(Records supplied):
--------------------

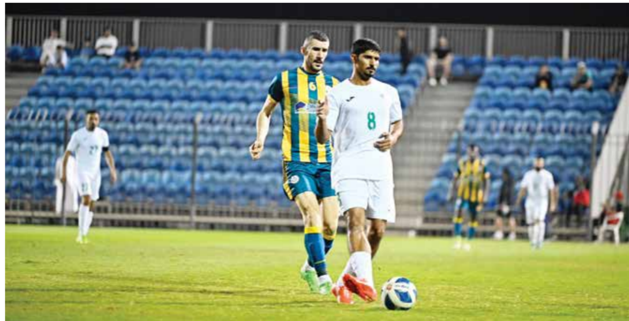
O لقاء المالكية واتحاد الريف

وتعثر عالي أمام أم الحصم بنتيجة الخسارة (١/٠)، ليتجمد رصيد عالي عند (٣٣ نقطة) ويتراجع للمركز الثاني وأم الحصم صار رصيده (١٨ نقطة). تمثر عالي أتى في مصلحة البحرين لانتزاع الصدارة من جهة، وايضاً لفريق المالكية
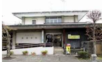
さいたま市立漫画会館 北区盆栽町 150

大正 12 年の関東大震災を契機に、東京の盆栽業者が、広い土地や新鮮な水と空気を求めて移り住んできたことで誕生した大宮盆栽村。盆栽の聖地として、世界中から盆栽愛好家が訪れます。
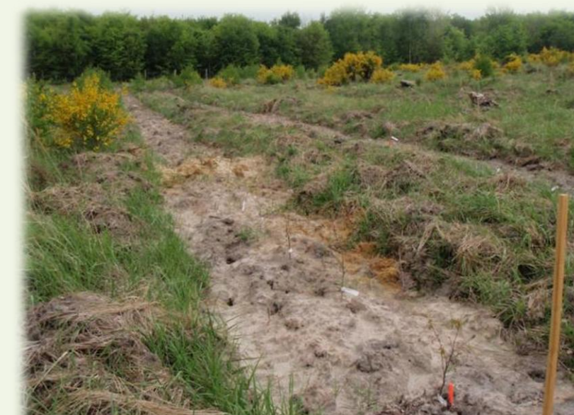
Avril 2014. Ligne préparée au Sous-soleur multifonction®
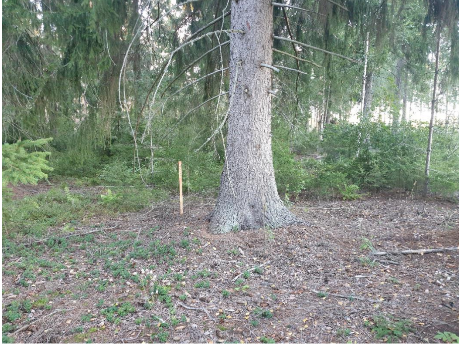
Kuva 5. Yksi kymmenestä iäkkästä kuusesta; kuusen ympärysmitta on reilu kaksi metriä.

Metsäalueella ei tehty havaintoja liito-oravan elinpiiristä eli iäkkäiden puiden juurilla ei ollut liito-oravan jätöksiä. Alueen metsäinen ala ei ole aivan tyypillistä liito-oravan maastoa lukuun ottamatta arvokkainta ikikuusista koostuvaa aluetta.
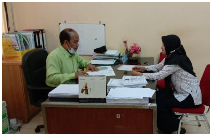
Gambar 5. 1 Dokumentasi Wawancara dari informan KKI / Instruktur di UPT BLK JOMBANG.
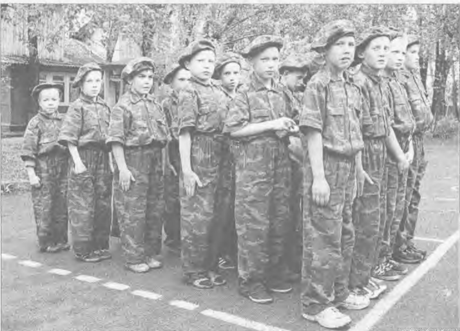
В «Казачьем войске» почти все дети отдыхают бесплатно - по направлению из соцзащиты (как малообеспеченные) или состоящие на учёте в КДН

■ Яна АРХИПОВА, Вячеслав БРЮХАНОВ (фото)
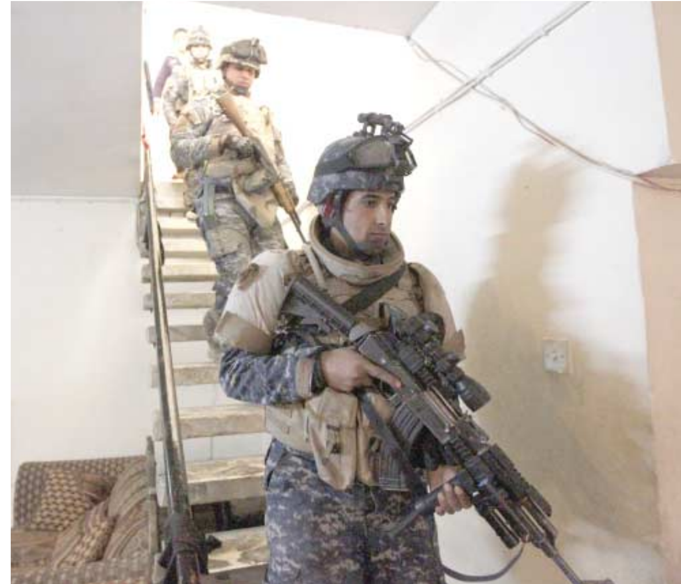
تفتيش؛ جنود عراقيون يفتشون حملة تفتيش في بغداد.

بغداد - زينة سامي طالب مجلس شيوخ وعشائر صلاح الدين الحكومة باغلاق السفارة الإيرانية ببغداد وطرد سفيرها بعد التصريحات التي اياها قائد الحرس الثوري الإيراني قاسم سليماني. وقال المجلس في بيان تلقته (الزمان) امس ان (التصريحات التي اطلقها سليماني تعد اهانة لجميع ابناء العراق وعربين عن (استغرابهم مما اسموه الصمت الحكومي تجاه مثل تصريحات كهذه وعدم السماح للنظام الإيراني بالتدخل في الشأن الداخلي للبلاد).
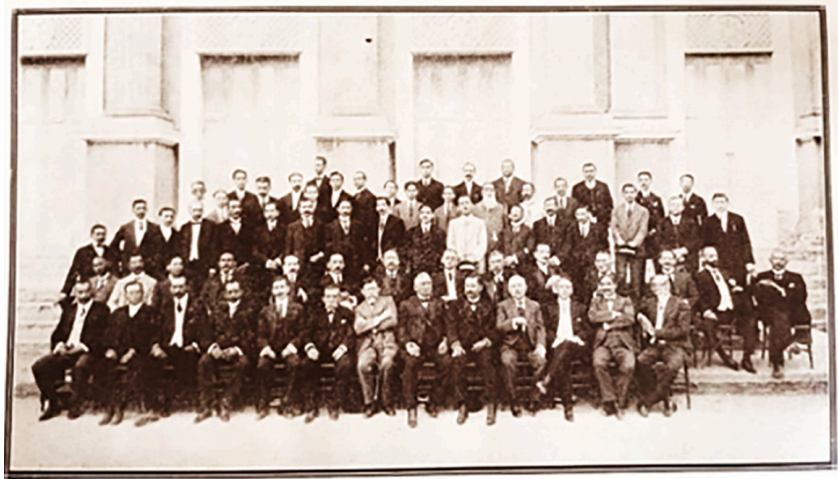
Figura 4. 65 de los asistentes al II Congreso Venezolano de Medicina. Foto tomada en el Palacio Legislativo de Maracaibo por el fotógrafo Julio Soto. Propiedad de Panorama (12, p.72, 75).

CVM el envío de delegados Farmacéuticos de los diferentes Estados y aceptar en la Sección de Higiene a los Ingenieros sanitarios.
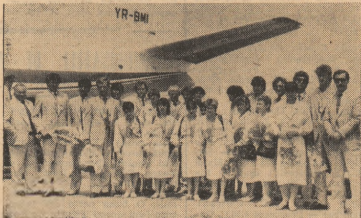
Loturile de caiac-canoe și gimnastică, ieri, la sosirea pe Aeroportul internațional Otopeni.
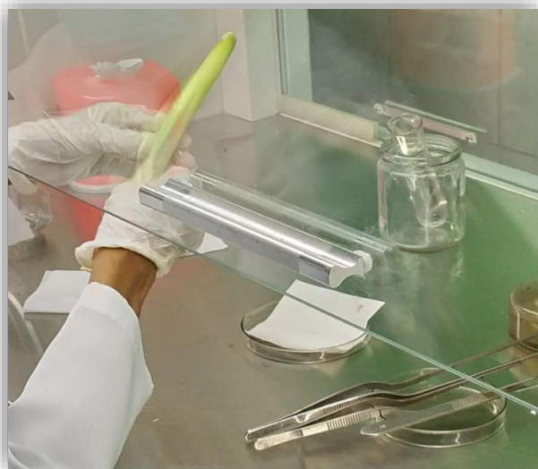
( ၄ ) explant အားရွက်ဖုံးခွာခြင်း
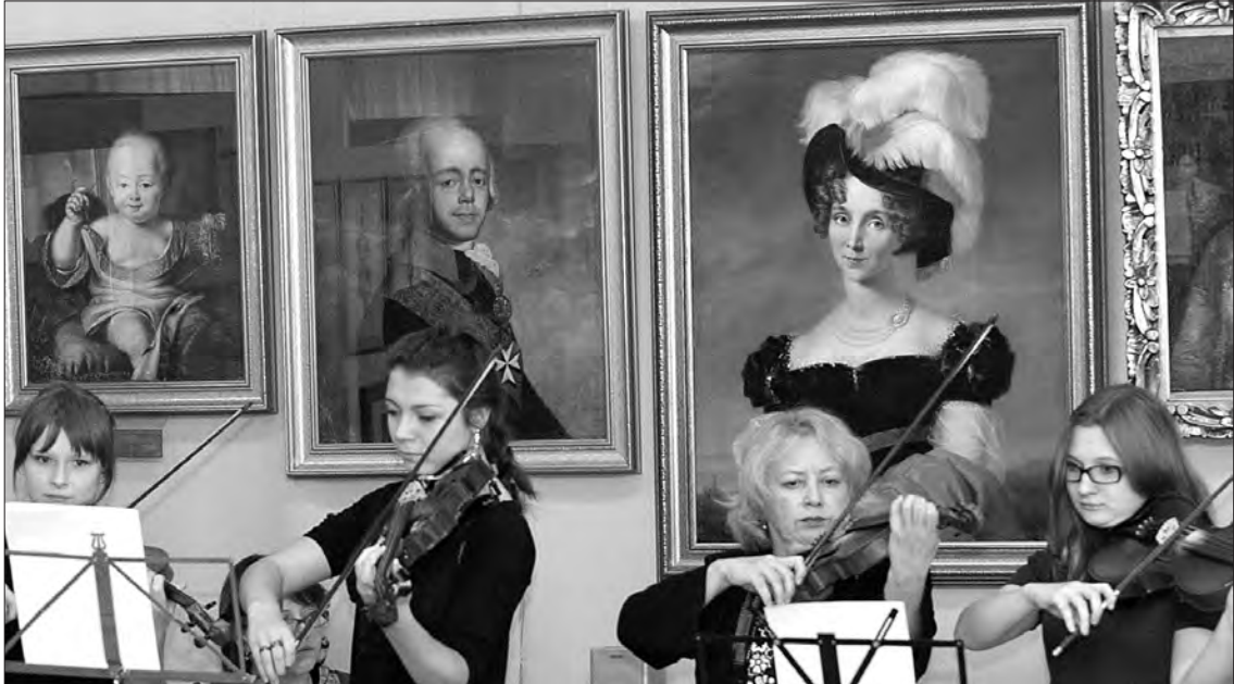
На открытии выставки «Романовы. Эпизоды истории» и музыка была соответствующая – «Боже царя храни».
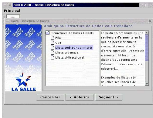
Figura 1. Pantalla principal del simulador.

Para reforzar la comprensión de las estructuras lineales de datos, que se consideran como temario imprescindible de la asignatura, se ha llevado a cabo el diseño y desarrollo de una aplicación destinada a este fin [7]. La figura 1 muestra la pantalla principal del simulador. La figura 2 muestra un ejemplo de simulación para una estructura de datos, en esta figura se pueden observar los diferentes botones de ejecución para realizar diversos movimientos sobre la estructura de datos.
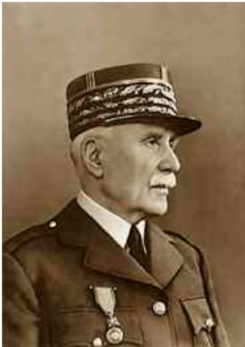
Il gen. francese Petain.
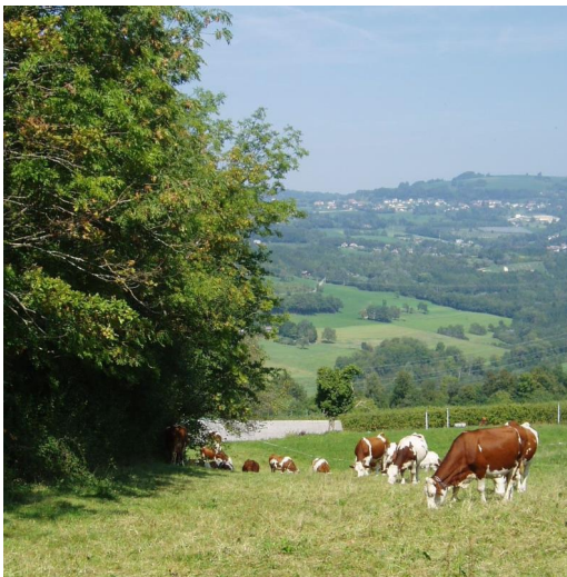
Troupeau abrité par une haie.

Au Gaec du Bois joli, producteur renommé de saint-nectaire, la question du bien-être animal est préoccupation majeure. Faire pâturer les vaches et génisses dans des prairies ombragées et abritées du vent par des haies est une évidence sur ce territoire de montagne à près de 1000 m d'altitude et sur lequel les canicules sont nouvelles mais de plus en plus fréquentes. Les animaux non abrités subissent un stress, ce qui impacte leur bien-être et leur production. Les plantations complètent le bocage en place pour apporter toute la journée de l'ombre et protéger des vents dominants.
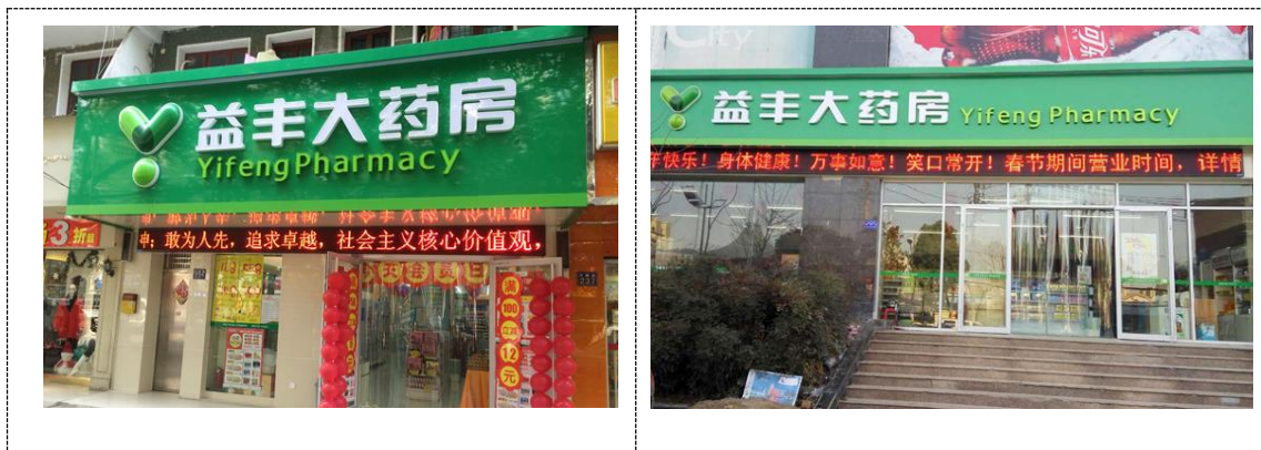
图 1-1 湖北武汉六顺路
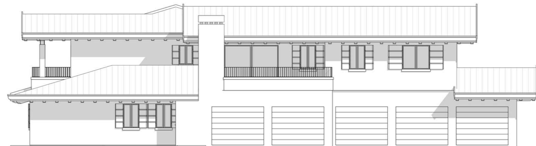
Prospetto SUD - EST
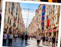
ISTIKLAL STREET (Grand Avenue of Pera) ถนนสายช้อปปิ้ง ยืน 88 ครบรอบในทีเดียว
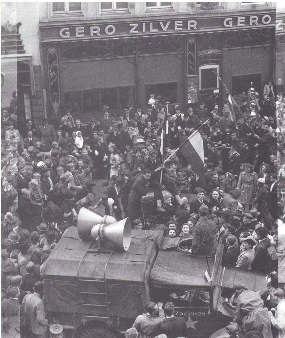
Na de bevrijding van 's-Hertogenbosch in oktober 1944 was er door de blijvende oorlogsdreiging weinig reden tot uitbundigheid. Pas op 20 maart 1945, bij het bezoek van koningin Wilhelmina, gingen de Bosschenaren massaal de straat op (Stadsarchief 's-Hertogenbosch, Hist.-Top. Atlas, stamboeknr. 48.619).
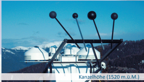
Kanzelhöhe (1520 m.ü.M.)
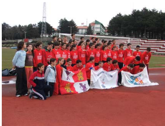
2ª foto de grupo
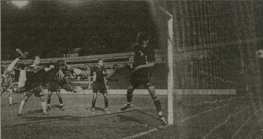
ღინამო — შერანი 24. ვიტალი დარასკელის საფარიშიდან დარტულ ბურის შერანტოლა მეკარე რევა ნაკუბამ თვალდა გაყოლა

ქვების სროლით და ცემა-ტყეპით საქართველოს ჩემპიონატი, აბა, ვის გააკვირვებ. საკვირველი სწორედ ის არის, რომ ამგვარი დაკა-დაკა ჩვეულებრივ ამადა იქცა.
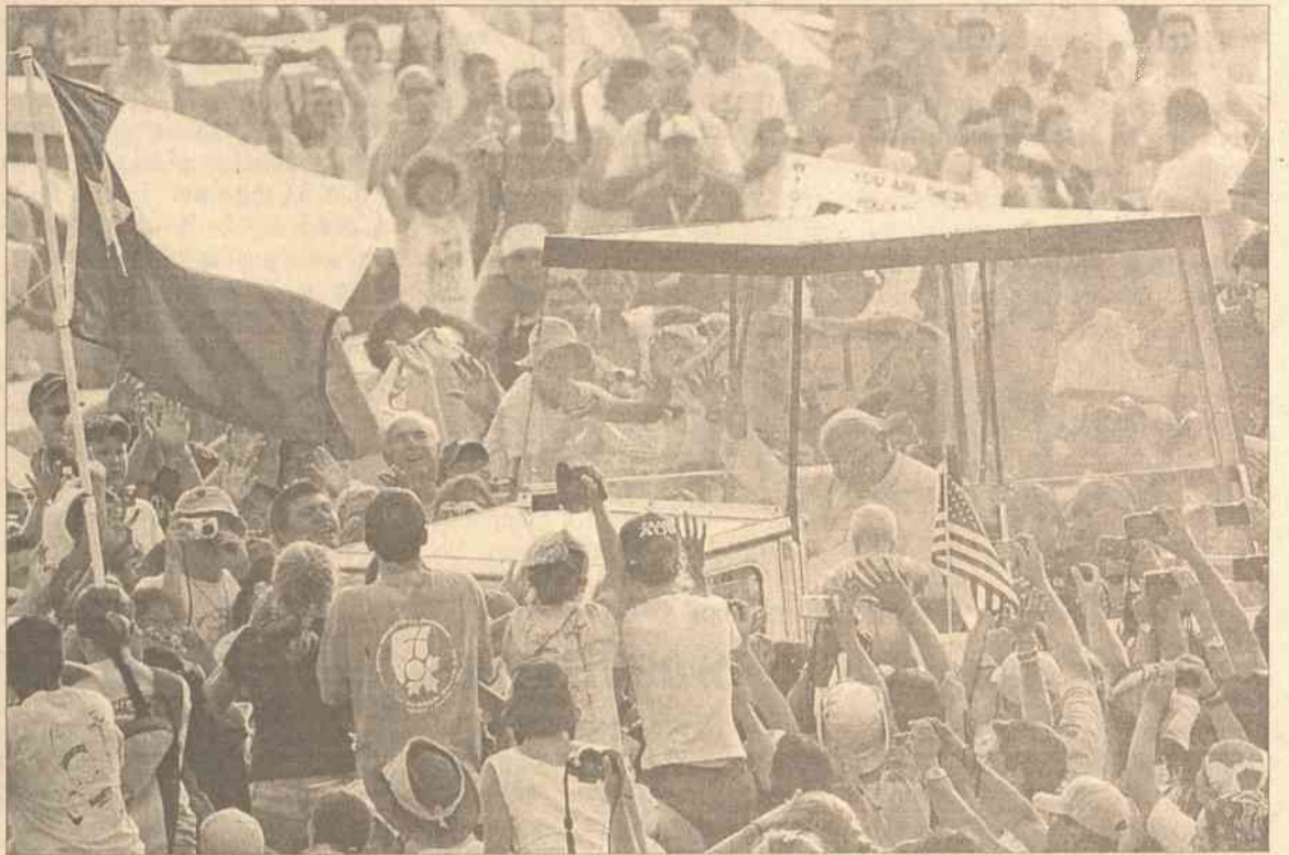
Ucieczek młodych pielgrzymów nie skomentowały władze w Hawanie, media kubańskie nawet nie wspomniały o tym incydencie
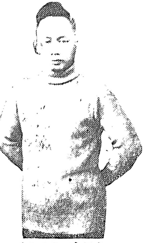
定搭度尺 結度法 (衫領罇) 由胸前橫量 至背後書明 若干英寸付 來無悞

良久爲僑胞歡迎蓋本公司所織造之掙紮專取合中國人身材尺度適合非比西人所造之衫有袖長及不襯身之憾而且價極廉平
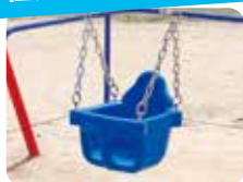
幼児の体を支える バケツタイプ
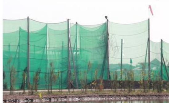
สแลนโถงรอบโรงงาน
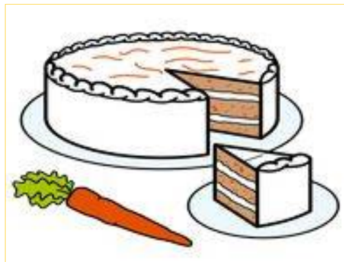
Imagen del resultado:
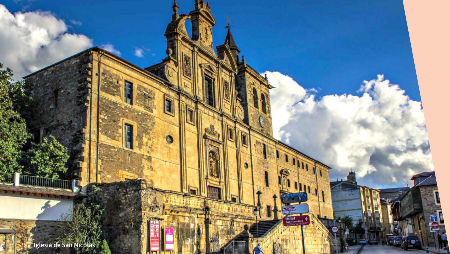
Iglesia de San Nicolás
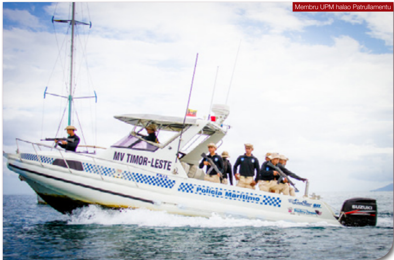
Membru UPM halao Patrullamentu

Partisipante ba serimónia entrega sertifikadu ne'e Embaxador Estados Unidos Amerika, Embaxador Korea do Sul iha Timor-Leste, Komandante Unidade sira seluk nomos familia husi membru UPM nian.
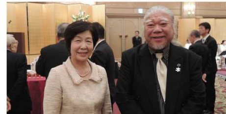
元国土交通大臣 衆議院議員 北側一雄 令夫人
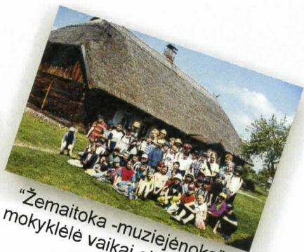
"Žemaitoka - muziejėnoka" mokyklėlė vaikai ekskursijoje
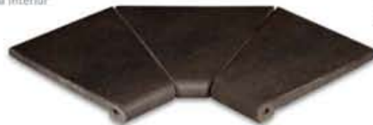
Ref. 343 Antracita anti-slip Esquina interior
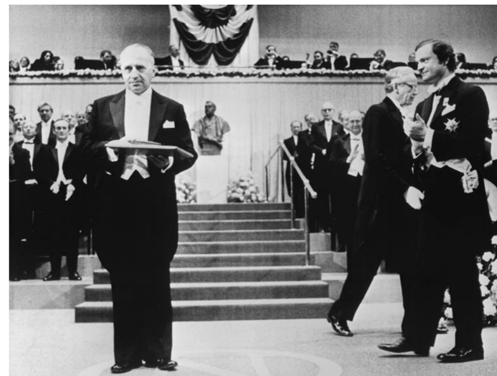
Professor Ernst Otto Fischer (1918 – 2007) wurde am 10. Dezember 1973 in Stockholm der Nobelpreis für Chemie von Schwedens König Carl XVI. Gustav überreicht.
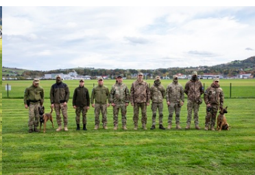
Psy saperskie znów pojedą do Ukrainy
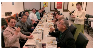
熊谷市倫理法人会

--------------------

(Work instructions): From the line containing "ღინამო — შერანი" through the last line of the records, both included, output those lines exactly and nothing else; skip the pictures.

(Solution to this exercise):
ღინამო — შერანი 24. ვიტალი დარასკელის საფარიშიდან დარტულ ბურის შერანტოლა მეკარე რევა ნაკუბამ თვალდა გაყოლა

ქვების სროლით და ცემა-ტყეპით საქართველოს ჩემპიონატი, აბა, ვის გააკვირვებ. საკვირველი სწორედ ის არის, რომ ამგვარი დაკა-დაკა ჩვეულებრივ ამადა იქცა.
Ucieczek młodych pielgrzymów nie skomentowały władze w Hawanie, media kubańskie nawet nie wspomniały o tym incydencie
定搭度尺 結度法 (衫領罇) 由胸前橫量 至背後書明 若干英寸付 來無悞

良久爲僑胞歡迎蓋本公司所織造之掙紮專取合中國人身材尺度適合非比西人所造之衫有袖長及不襯身之憾而且價極廉平
幼児の体を支える バケツタイプ
สแลนโถงรอบโรงงาน
Imagen del resultado:
Iglesia de San Nicolás
Membru UPM halao Patrullamentu

Partisipante ba serimónia entrega sertifikadu ne'e Embaxador Estados Unidos Amerika, Embaxador Korea do Sul iha Timor-Leste, Komandante Unidade sira seluk nomos familia husi membru UPM nian.
元国土交通大臣 衆議院議員 北側一雄 令夫人
"Žemaitoka - muziejėnoka" mokyklėlė vaikai ekskursijoje
Ref. 343 Antracita anti-slip Esquina interior
Professor Ernst Otto Fischer (1918 – 2007) wurde am 10. Dezember 1973 in Stockholm der Nobelpreis für Chemie von Schwedens König Carl XVI. Gustav überreicht.
Psy saperskie znów pojedą do Ukrainy
熊谷市倫理法人会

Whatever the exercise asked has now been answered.